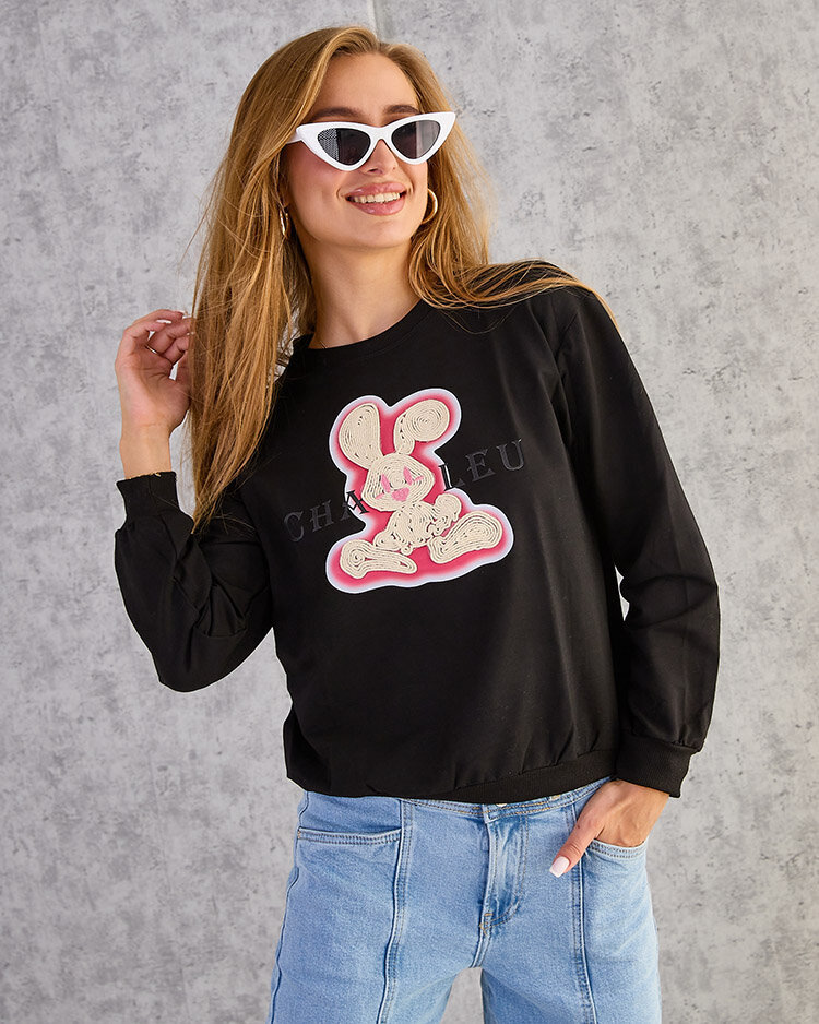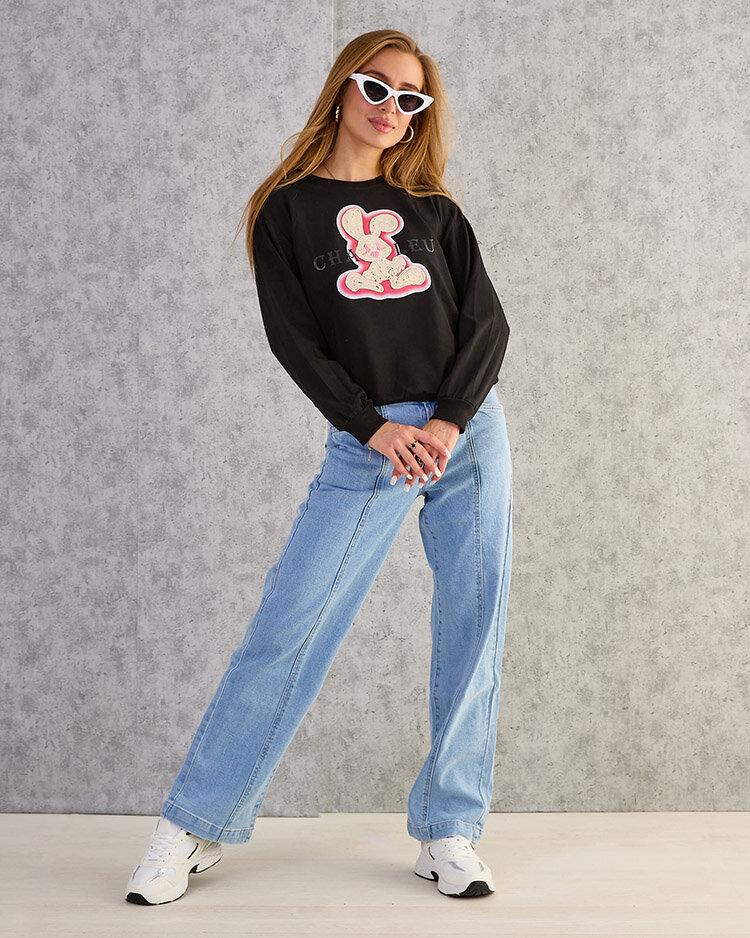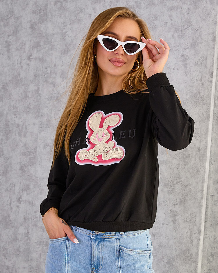 - Придайте стил на тоалетите си с нашия тънък суитшърт, украсен с кръпка на зайче. Вмъква се през главата, с кръгло деколте и дълги ръкави. Перфектен за всеки ден, когато искате да се чувствате небрежно, но стилно!
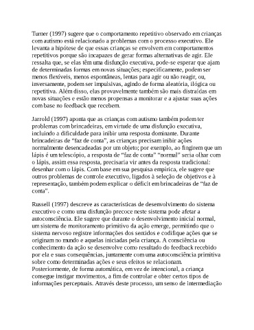 Turner (1997) sugere que o comportamento repetitivo observado em crianças
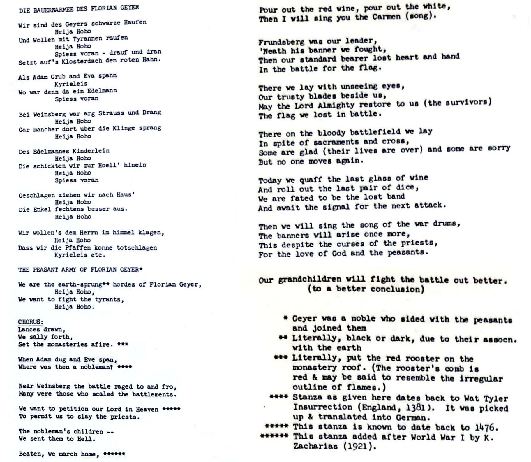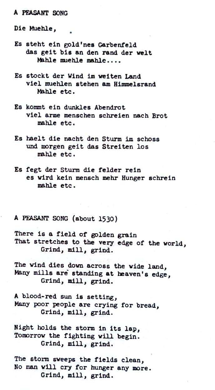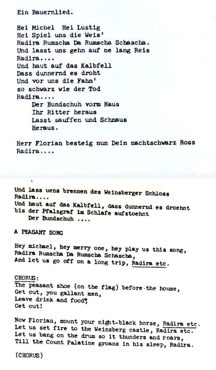 Ce disque c'est des vieilles chansons en allemand du 16ème siècle environ et nottament y en a plusieurs qui parlent de la révolte des paysans de 1525 (500 ans l'an dernier) ou des masses de paysans se sont motivés à cramer les monastères et les châteaux des nobles pour s'en mettre plein la panse, c'était en allemagne actuelle, en alsace actuelle et encore ailleurs. Ca s'appelait Bundschuh qui veut dire la chaussure à liens ou chaussures à lacets et ils avaient des drapeaux avec une chaussure à lacet dessus. C'était les chaussures portées par les paysans. Certains y voient aussi une revendication de 'lien' ou de solidarité entre paysans.
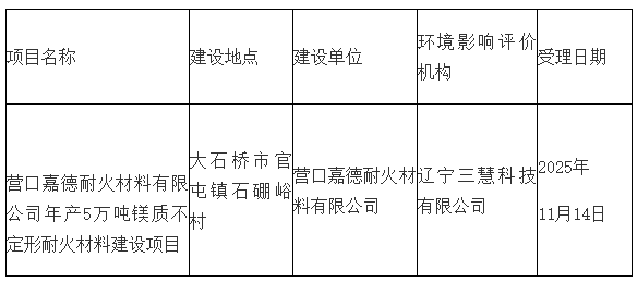附件:營(yíng)口嘉德耐火材料有限公司年產(chǎn)5萬(wàn)噸鎂質(zhì)不定形耐火材料建設(shè)項(xiàng)目(公示稿)
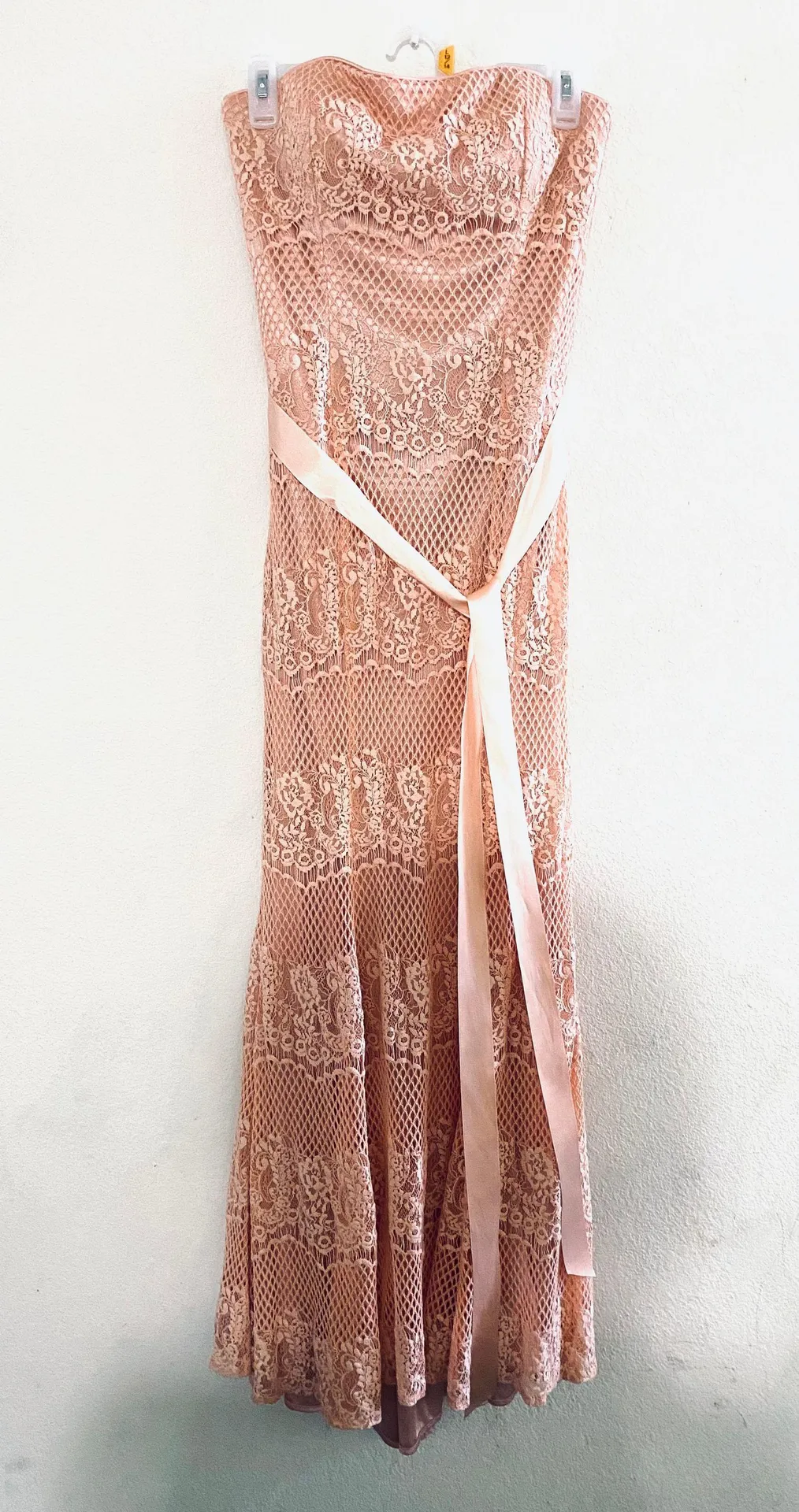 Very pretty peach lace and netting mermaid style dress with a slight train-satin slip underneath with a satin ribbon around the waist very heavy ,like new condition. worn one time, size 10. Perfect for a beach wedding dress or prom.
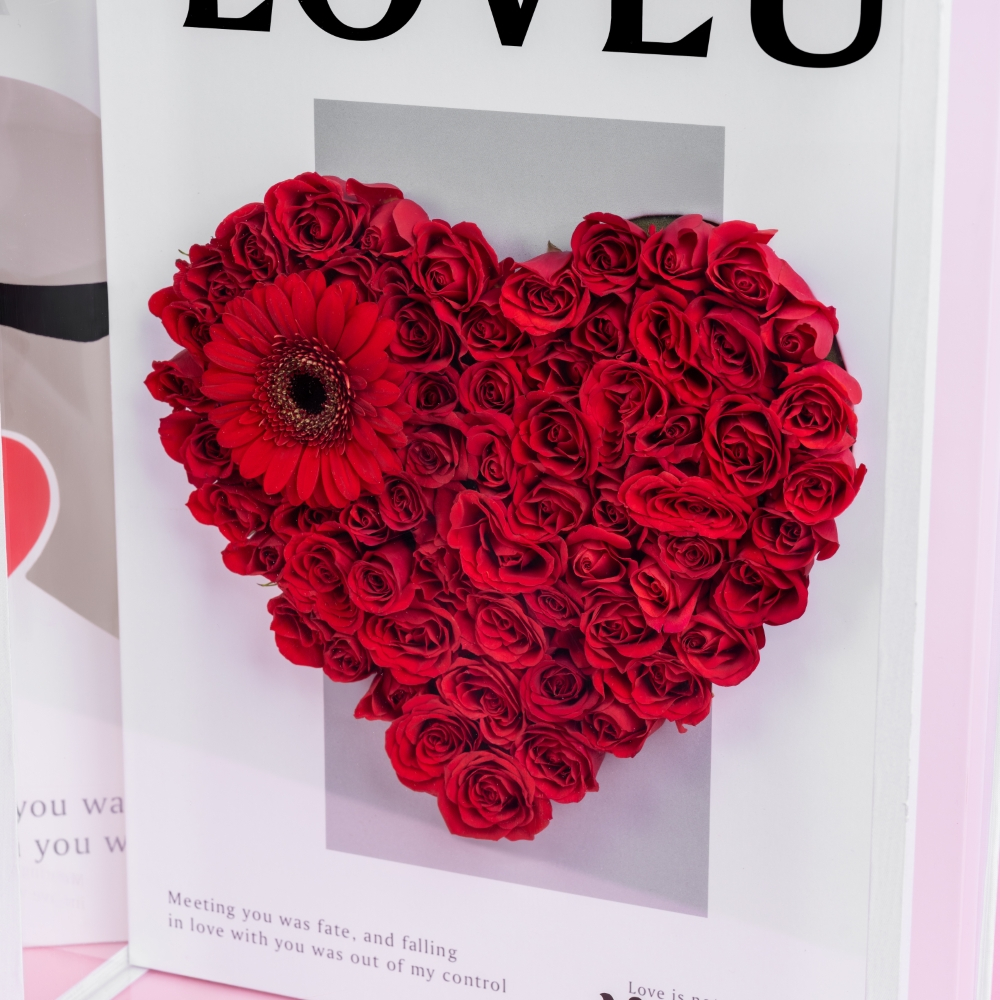 A stylish acrylic box featuring roses and gerberas, beautifully shaped into a heart. A creative and joyful gift to express your feelings with a splash of color.
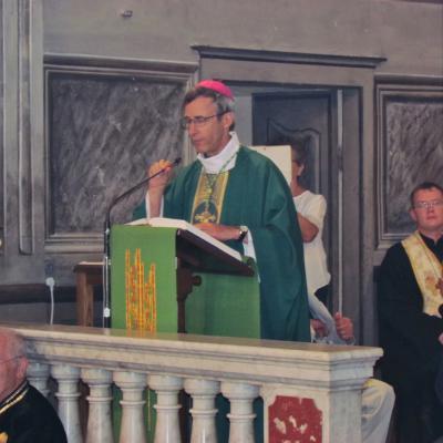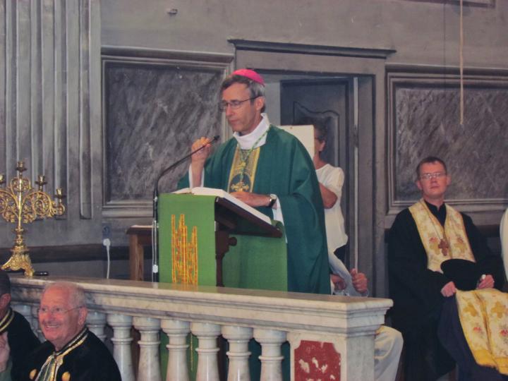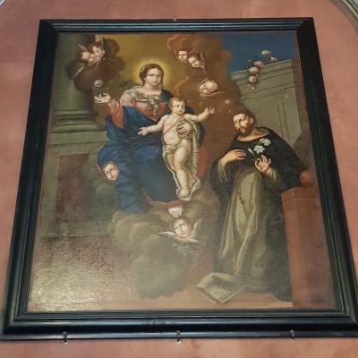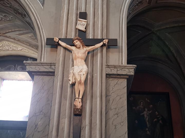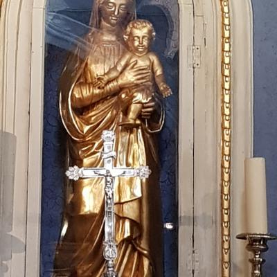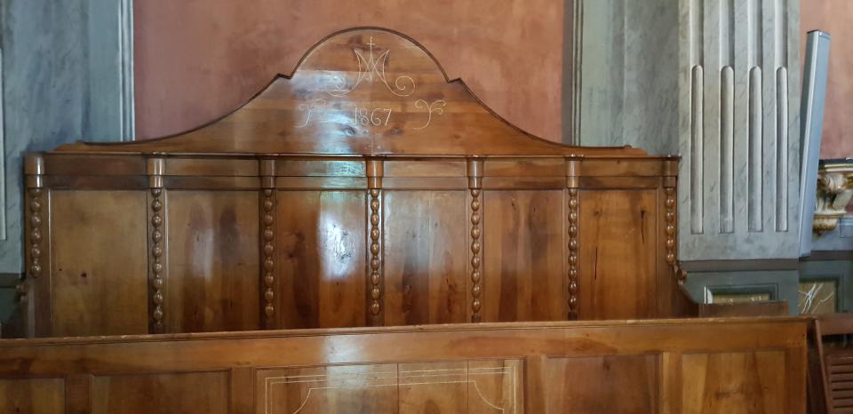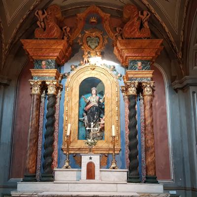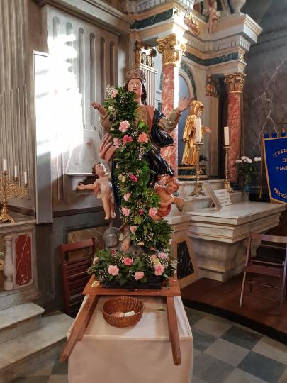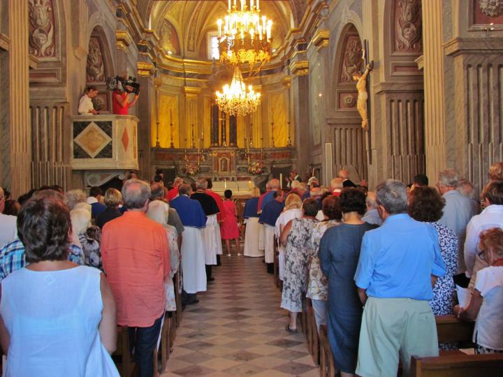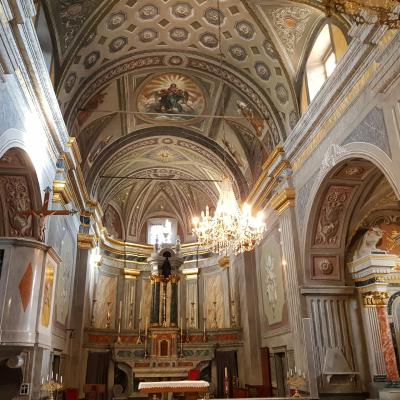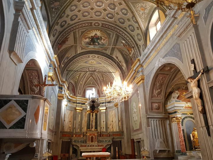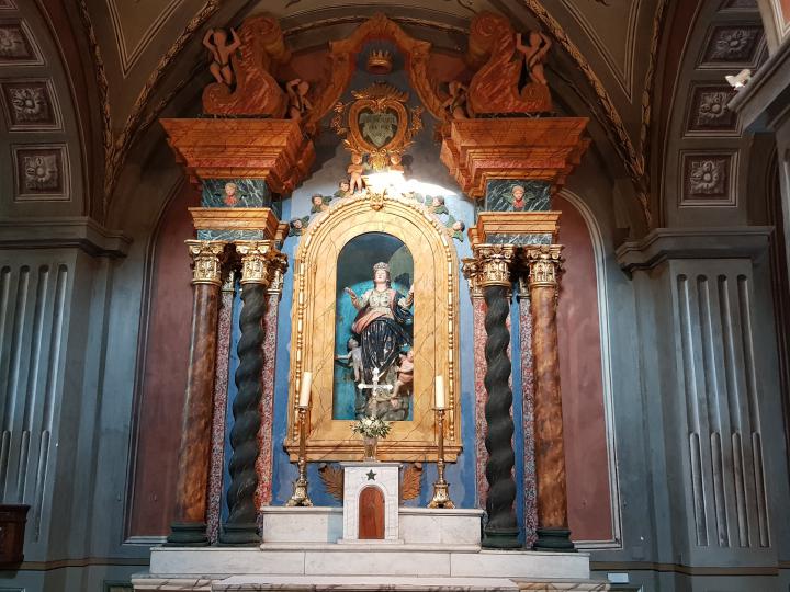 L'église est dédiée à Sainte Marie, patronne du village et au Sacré Coeur depuis 1901. C'est un édifice baroque tardif, d'allure élégante de dimension imposante. Le décor intérieur en trompe l'oeil de style néo classique, effectué en 1879 par le peintre Novellini est remarquable par sa sobriété et son bon goût.Le pavement en marbre a été posé en 1889.
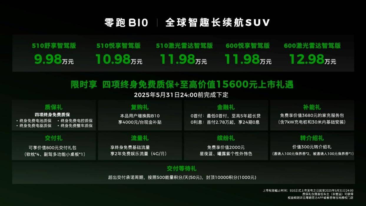 2025年4月10日,零跑汽车全新B系列首款全球化车型——零跑B10正式上市。新车共推出5款车型,包括510km和600km两种CLTC续航版本,其官方指导价格区间为9.98万元至12.98万元。作为一辆紧凑型SUV,零跑B10入门版车型续航就拔高到了用户更需要的500公里级别,做到了同级领先水平。同时,搭载激光雷达+高通双旗舰芯片的高配车型做到了11万级,且软件可通过OTA持续免费升级。智能硬件拉满,品质保障也可靠,电池、电驱、电控、整车四项终身免费质保都给到用户,真正做到“科技平权,好而不贵”,让卓越触手可及。
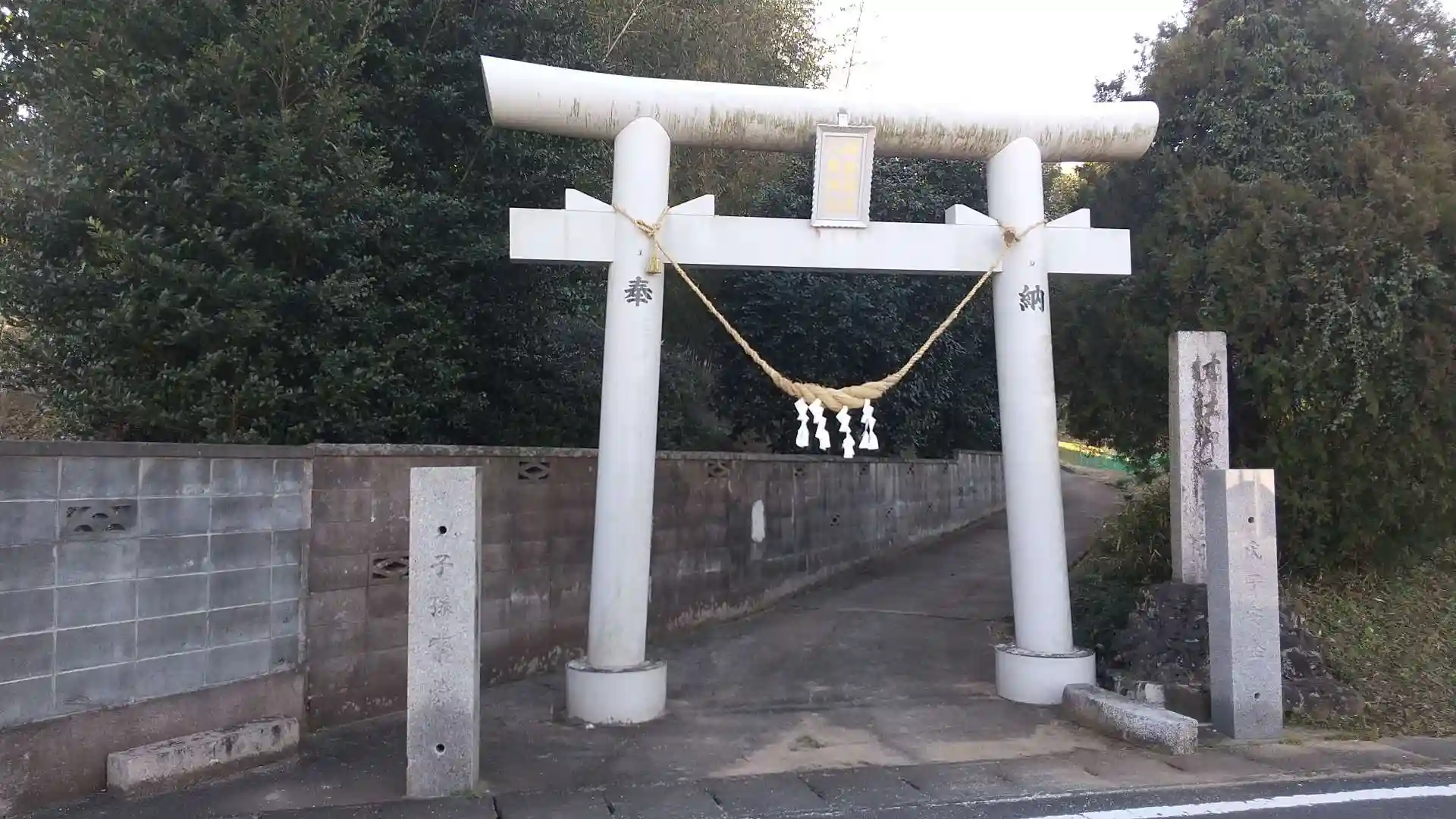 道沿いに鳥居があり、舗装された参道を進むと左側に階段。その先に社殿がある。
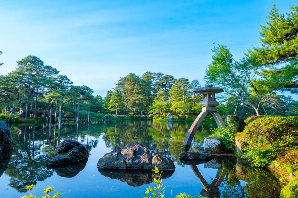 兼六園位於金澤市,是日本三大名園之一,以「宏大、幽邃、人力、蒼古、水泉、眺望」六大意境聞名。園內以池泉回遊式庭園為主軸,春有櫻花,夏賞翠綠,秋看楓紅,冬季雪吊景觀更是象徵庭園極致之美。園中必訪景點包含徽軫燈籠、霞之池、唐崎松等,皆展現細膩的庭園美學。

*Problem requirements*: Starting with the first line of the data above, write out each line exactly up to and including the line that holds "Turner (1997) sugere". Pictures stay out.

*Problem solution*:
 - Придайте стил на тоалетите си с нашия тънък суитшърт, украсен с кръпка на зайче. Вмъква се през главата, с кръгло деколте и дълги ръкави. Перфектен за всеки ден, когато искате да се чувствате небрежно, но стилно!
 Turner (1997) sugere que o comportamento repetitivo observado em crianças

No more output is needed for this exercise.